Dopo Wagner, Verdi nella stagione del doppio bicentenario, Falstaff (in scena alla Scala dal 15 gennaio al 12 febbraio) è particolarmente importante per vari motivi: a) è una nuova produzione, non una ripresa come gran parte degli spettacoli verdiani nella programmazione scaligera 2012-2013; b) il partner è la Royal Opera House (RHO) , il Covent Garden, di Londra (dove resterà allestimento resterà in repertorio per diversi)b ); c) il lavoro affidato a Robert Carsen (regia) e Daniel Harding (direzione musicale) soppianta quello di Giorgio Strehler del 1981 (consegnato nel 2001 ad un bel Dvd); d) dà una tinta nuova al capolavoro si un compositore di quasi ottant’anni, l’originalissimo capolavoro di un Verdi divenuto nella tarda maturità un maestro assoluto nell’arte del teatro musicale.
L’azione non è all’epoca elisabettiana, come in Strehler, Zeffirelli ed anche nel mirabile lavoro fatto da Carlo Maria Giulini e Richard Eyer nel 1982 (Los Angeles, Londra , Firenze) e nella tradizione in generale . Non viene portato ad un rave party come fece Luca Ronconi a Firenze una diecina di anni fa od in una stazione ferroviaria britannico all’inizio del Novecento come realizzato da Herbert Wernicke a Aix en Provence ed in una dozzina di teatri europei. Pare prendere parte dell’ispirazione dallo spettacolo di Marco Arturo Marelli, in scena dal 2003 alla Staatsoper di Vienna: la vicenda è portata nella Gran Bretagna pettegola degli Anni Cinquanta. Ma non si tratta di battibecchi e scherzi nella piccola e provinciale Windsor . Carsen vede Falstaff come una commedia sociale, raccontata con uno sguardo molto acuto su una parte della società.
“L’intreccio – dice – non si limita al gioco delle situazioni tragicomiche,ma arricchisce la buffa vicenda con un grande approfondimento dell’animo umano: pensiamo alla gelosia di Ford, alla malizia delle “comari”, all’innocenza dei giovani,ma anche alla loro astuzia. Naturalmente vi si sviluppano temi consueti nella commedia, come la contrapposizione dei giovani contro gli anziani, ma direi che il tratto saliente dell’opera è proprio la sua vitalità, quell’ingordigia della vita, quello stesso appetito che si ha per il buon cibo o per le buone bevande”.
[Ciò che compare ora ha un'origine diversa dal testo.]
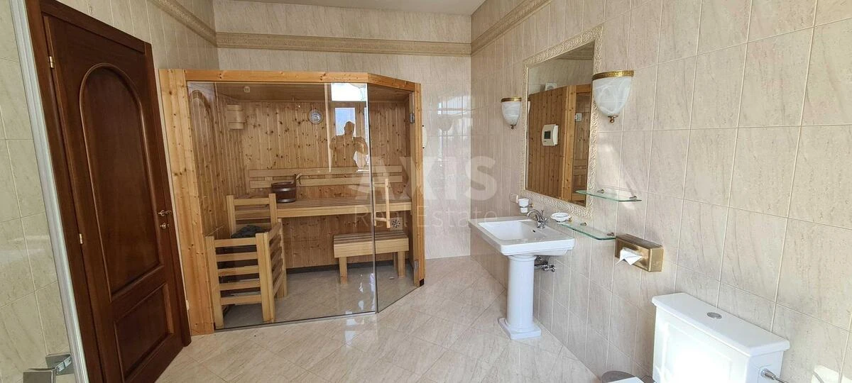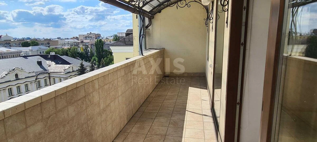 5 кімнатна квартира. У квартирі виконаний якісний ремонт з натуральних матеріалів. Квартира двостороння, з просторої відкритої тераси вид на Верховний Суд України, навпроти на вулицю Липську. В квартирі діючий камін та зимовий сад, сауна, гардеробна, три санвузли, має індивідуальне опалення, у дворі з охороною закріплено два паркомісця, будинок з ліфтом. Дуже тихе та затишне місце.
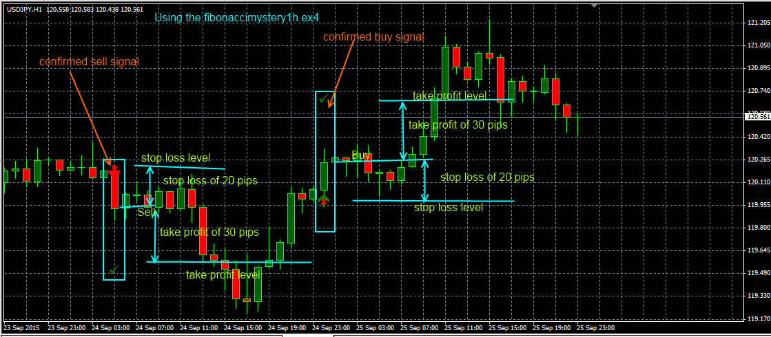 When trading with the fibonaccimystery1h.ex4, you should consider using a take profit of 30 pips and a stop loss at the previous lowest point. But if there is no lower point in the previous day, use a stop loss of 20 pips.

Carsen pone l’accento su una caratteristica poco notata del Falstaff: è un’opera molto sensuale. In effetti, eros e sensualità che nel teatro musicale italiano dell’Ottocento era stato cacciato dalla porta maggiore (salvo a rientrare dalla finestra in La Traviata ed in Un Ballo in Maschera) stava diventando di nuovo proprio diventando centrale sulla scena. La prima di Manon Lescaut di Giacomo Puccini (che trasuda eros da ogni nota) precede di novi giorni quella del Falstaff. “Per interpretare l’opera come una celebrazione dei sensi – sottolinea Carsen , ho voluto spesso inserire situazioni in cui si mangia e si beve: c’è sempre il piacere del pranzare o del cenare insieme. L’opera stessa termina con una festa. Nello spartito ci sono spesso parti in cui ipersonaggi cantano insieme o si parlano quasi addosso: per me anche questa caratteristica riporta all’idea di festa che io vedo nell’opera, in cui spesso si festeggia e ci si intrattiene in allegria”.
Ambientato l’allestimento di Falstaff nel Novecento, nell’Inghilterra degli Anni Cinquanta ha molti significati . Era un periodo in cui esisteva un tipo di scontro di classe molto forte. In quegli anni sorgeva la nuova middle classi. Erail momento in cui si percepisce il problema dell’aristocrazia inglese che,dopo la Seconda Guerra Mondiale, è entrata in una fase di declino. Era anche una fase perbenista (ma con tanta sensualità dietro le tende): la censura costrinse a rappresentare in un club privato A View from the Bridge (“Uno sguardo dal Ponte”) di Arthur Miller, ma i Tabloid imperversavano con particolari piccanti sulla Corte e sulle vicende di letto del Ministro della Difesa John Profumo.